Although they give their advice generously, all three of the figures have displayed arrogant behaviour at times. The one at the top (most likely Yahank) often comments on his apparent "good looks", and they all have said that they're always right.

Major appearances
"How Much Wood Can a Wood Pecker Peck?" - The Great Bamzeani is in danger of being pecked to death by a flock of woodpeckers who have strangely shown up in Mooseknuckle.
"Yawny Come Lately" - The story on the three fur traders and how they became a totem pole is given.

Natives and minor characters

Ninja polar bears
The ninja polar bears are mercenaries of Brain Freeze who can be hired. They wear white scarves around their heads, fight using swordfish like swords, and "speak" with a Japanese accent. In "A Dip in the Pole", Stu hired them to stop Iggy and Jiggers from finding the belongings of Admiral "Brrrrrd" at the "Norse Pole", but Iggy outsmarted them. A few of them were also seen in "Xtreme Iggy", when they became fans of Iggy's "Extreme Toucaning". They are frequently seen in other episodes where Brainfreeze is featured.

Stray Warthog tribe
A tribe of warthogs, native to the Kook, who wear red baseball-style caps. Their leader, Harley (voiced by George Buza), has no sense of direction, and thus they are forever trying to find their special emerald. When they aren't lost, they live in a teepee village. Jiggers temporarily became their monarch in "The Beaver Who Would be King", because he wore the same style of hat as they. He enjoyed this position until Harley asked him to retrieve the emerald from Hissabiss. After successfully fetching it out of the canyon (though it ended up rolling away into the forest), Jiggers and Iggy escaped back to Mooseknuckle. Jiggers was concerned over how he could hide away from the tribe, but they were too busy running after the emerald to notice he was gone. They were among the park residents who gave signatures for the highway petition in "Petition Impossible". In "Ghost of a Chance", a few past members of the tribe are seen in the flashback as Iggy tells Jiggers the legend of two miners who upset a group of native's nighttime rituals.

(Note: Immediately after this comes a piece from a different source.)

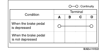 • If not as indicated in the table, replace the brake switch.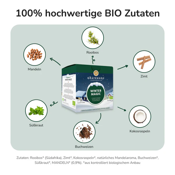 Rooibos* (Südafrika), Zimt*, Kokosraspeln*, natürliches Mandelaroma, Buchweizen*, Süßkraut*, MANDELN* (0,9%). *aus kontrolliert biologischem Anbau

QuilpieQuilpie, voiced by Katie Bergin is a kangaroo and Mooseknuckle's courier. She speaks with an Australian accent, wears a blue courier's uniform, and has blue eyes and blonde hair tied back. She is extremely punctual, and does not like for anything to be late. She seems to be rather eccentric, as in "Petition Impossible", Zoop asked her to wait a few more minutes when she became impatient while waiting for Iggy and Jiggers to give her the petition but Quilpie told her that would disrupt the delivery schedules, and went on a fast-paced, step-by-step concept of what exactly might happen. Quilpie can later be seen in "Koo Koo Achoo". She was in the lineup to buy the bobbleheads which Jiggers had carved, but did not receive any lines.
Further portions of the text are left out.